* _To do_:
What is needed is an exact copy of the lines in the entries below from the one holding "better tolerability. |" through the one holding "Diametrul etichetelor este", pictures excluded.

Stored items
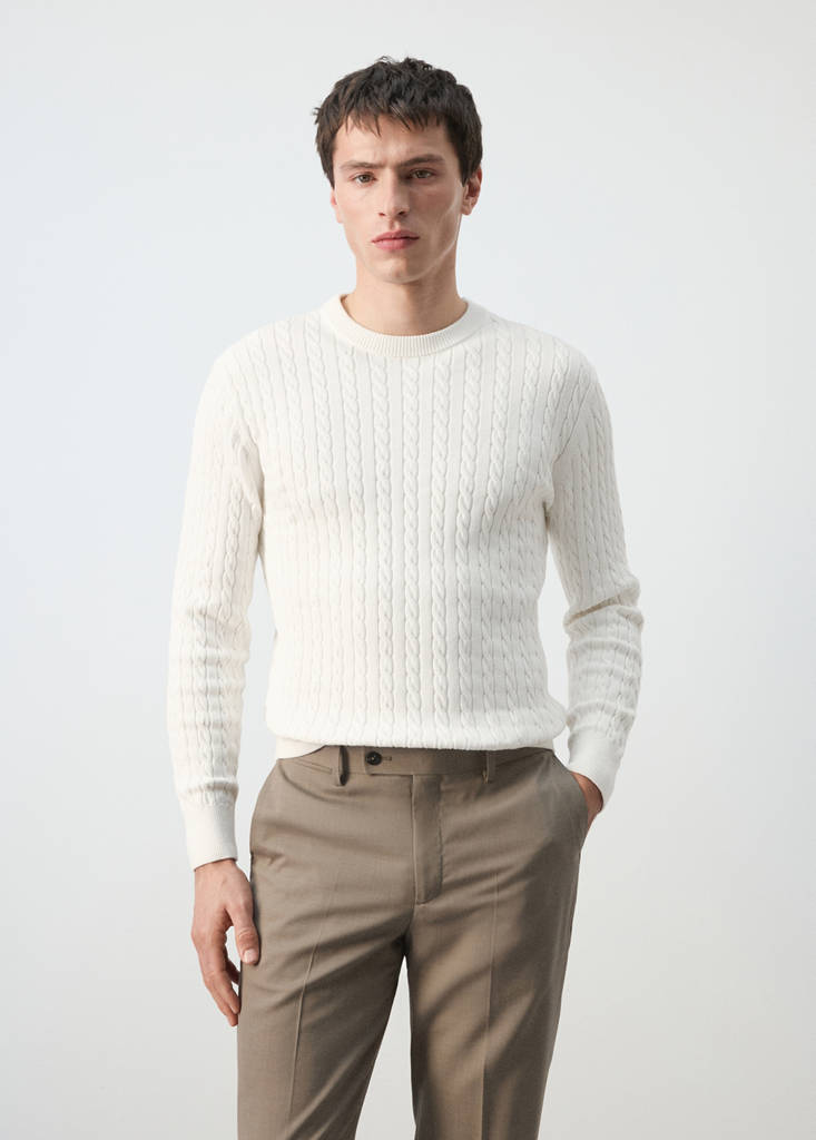 ESSENTIALS100% 纯棉麻花编织毛衣当前价格 [¥499.00 ]¥499.00选择颜色灰白模特穿着180/100A (M)码,身高188cm 。选择尺码180/96A (S)180/100A (M)185/104A (L)190/108A (XL)190/112A (XXL)尺寸指南添加到愿望清单查看造型免费送货到商店查看商店库存情况描述米白色为网店专属款式。. 100% 纯棉. 针织编织面料. 常规版型. 标准长度. 圆领. 领口、袖口和下摆罗纹处理. Casper Ruud x Mango系列.查看详情
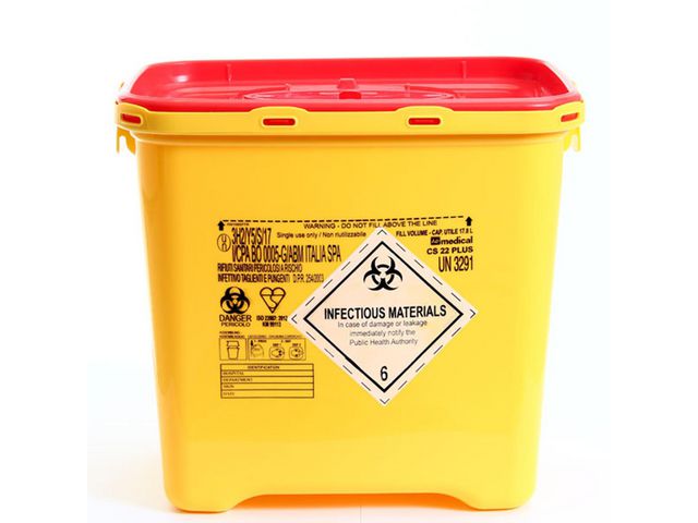 Kanylburk med volym på 22 liter, i serien Plus med dubbellock för försegling. UN-godkänd och uppfyller kraven enligt British Standard/NFX avseende punktionssäkerhet. Volym: 22 liter Färg: gul
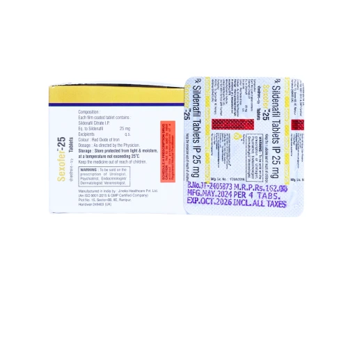 | Description: | SEXOFER 25 Tablet contains Sildenafil 25 mg. It is used for the treatment of erectile dysfunction (ED) in men. Sildenafil works by increasing blood flow to the penile region by relaxing blood vessels, helping achieve and maintain an erection during sexual stimulation. This lower strength is suitable for initial therapy or patients requiring a reduced dose for better tolerability. |
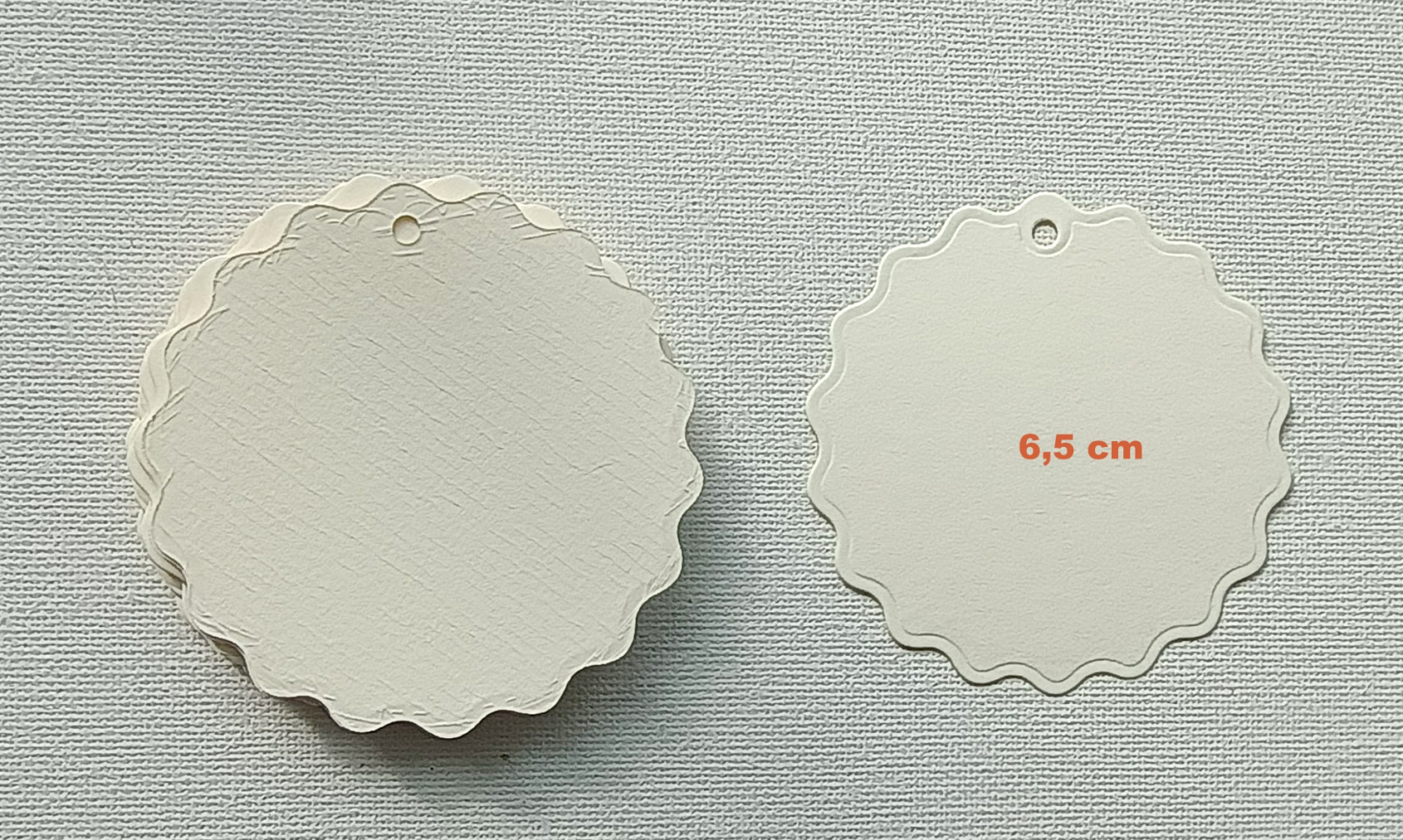 Diametrul etichetelor este 6,5 cm. Toate etichetele au orificiu pentru snur.
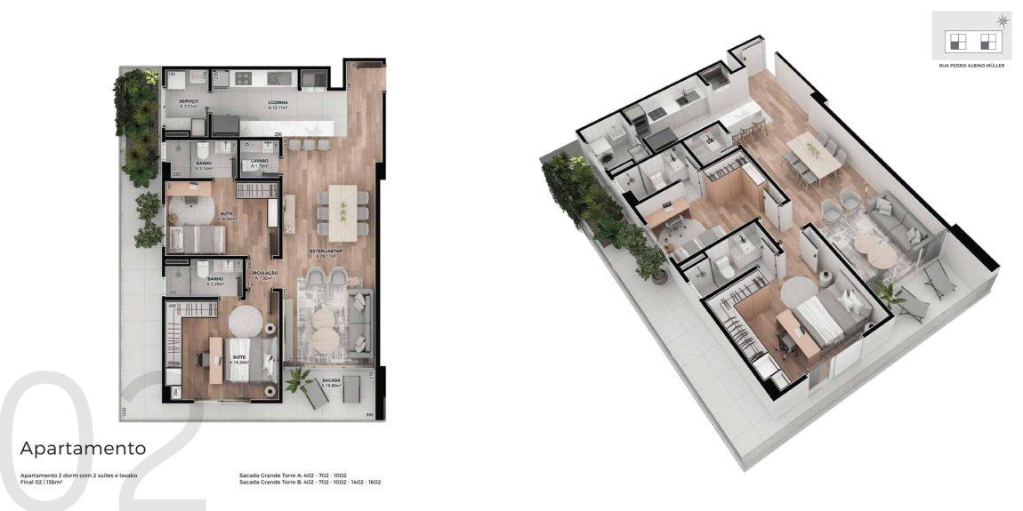 - Empreendimento com 18 pavimentos de apartamentos e duas torres

* _Output for this exercise_:
 | Description: | SEXOFER 25 Tablet contains Sildenafil 25 mg. It is used for the treatment of erectile dysfunction (ED) in men. Sildenafil works by increasing blood flow to the penile region by relaxing blood vessels, helping achieve and maintain an erection during sexual stimulation. This lower strength is suitable for initial therapy or patients requiring a reduced dose for better tolerability. |
 Diametrul etichetelor este 6,5 cm. Toate etichetele au orificiu pentru snur.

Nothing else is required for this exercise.